Thursday, August 15, 2013: 2:00 PM
Nautilus 3 (Sheraton San Diego)
Microorganisms produce a wide variety of molecules through well programmed biosynthetic pathways. Their abundant biosynthetic enzymes represent a rich source of useful biocatalysts. This work aimed to discover new biocatalysts from microorganisms that can introduce functional groups to natural products for structural optimization. Streptomyces rimosus is an actinomycete known as the producer of oxytetracycline. We have recently discovered that it is a useful glycosylation biocatalyst. This bacterium can selectively introduce a 4'-deoxy-hex-4'-enopyranosiduronic acid moiety into the substrates such as quercetin and pradimicin analogs to generate novel glycosides. Pochonia chlamydosporia is a filamentous fungus that produces radicicol, an anticancer and antifungal natural product. From the radicicol biosynthetic pathway, we have identified the first fungal flavin-dependent halogenase Rdc2. This enzyme catalyzes the in vitro chlorination of monocillin IV, confirming that it is a post-PKS tailoring enzyme involved in radicicol biosynthesis. A homology model of Rdc2 indicated that the substrate binding site of this enzyme may accommodate a variety of compounds. In vitro studies confirmed that this enzyme has broad substrate specificity towards various aromatic substrates such as dihydroresorcylide, curcumin, isoquinolines and tetracyclines.
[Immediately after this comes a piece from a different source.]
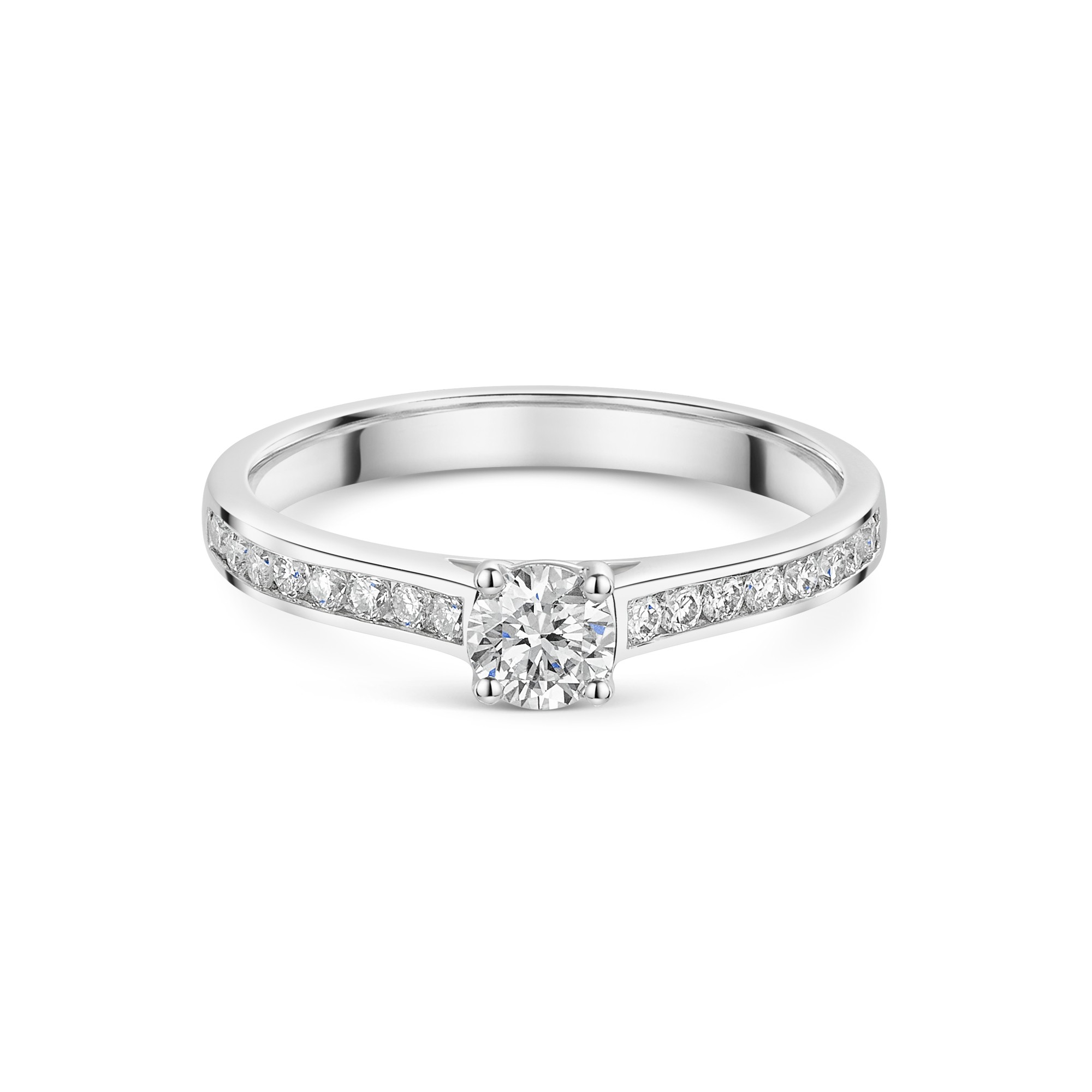 Platinum 4 Claw 0.33ct Round Brilliant Diamond Solitaire Ring with Channel Set Shoulders Platinum 4 Claw 0.33ct Round Brilliant Diamond Solitaire Ring with Channel Set Shoulders Platinum 4 Claw 0.33ct Round Brilliant Diamond Solitaire Ring with Channel Set Shoulders

Additionally, Rdc2 can catalyze dihalogenation to yield corresponding dihalogenated products. Further investigation into its specificity towards halogen donors revealed that this enzyme is also a brominase that can catalyze both mono- and dibromination. Collaborative actions of Rdc2 and another fungal biocatalyst, Beaueria bassiana, led to the synthesis of a novel chlorinated glycoside of dihydroresorcylide. Thus, Rdc2 represents a useful biocatalyst for prepration of halogenated molecules.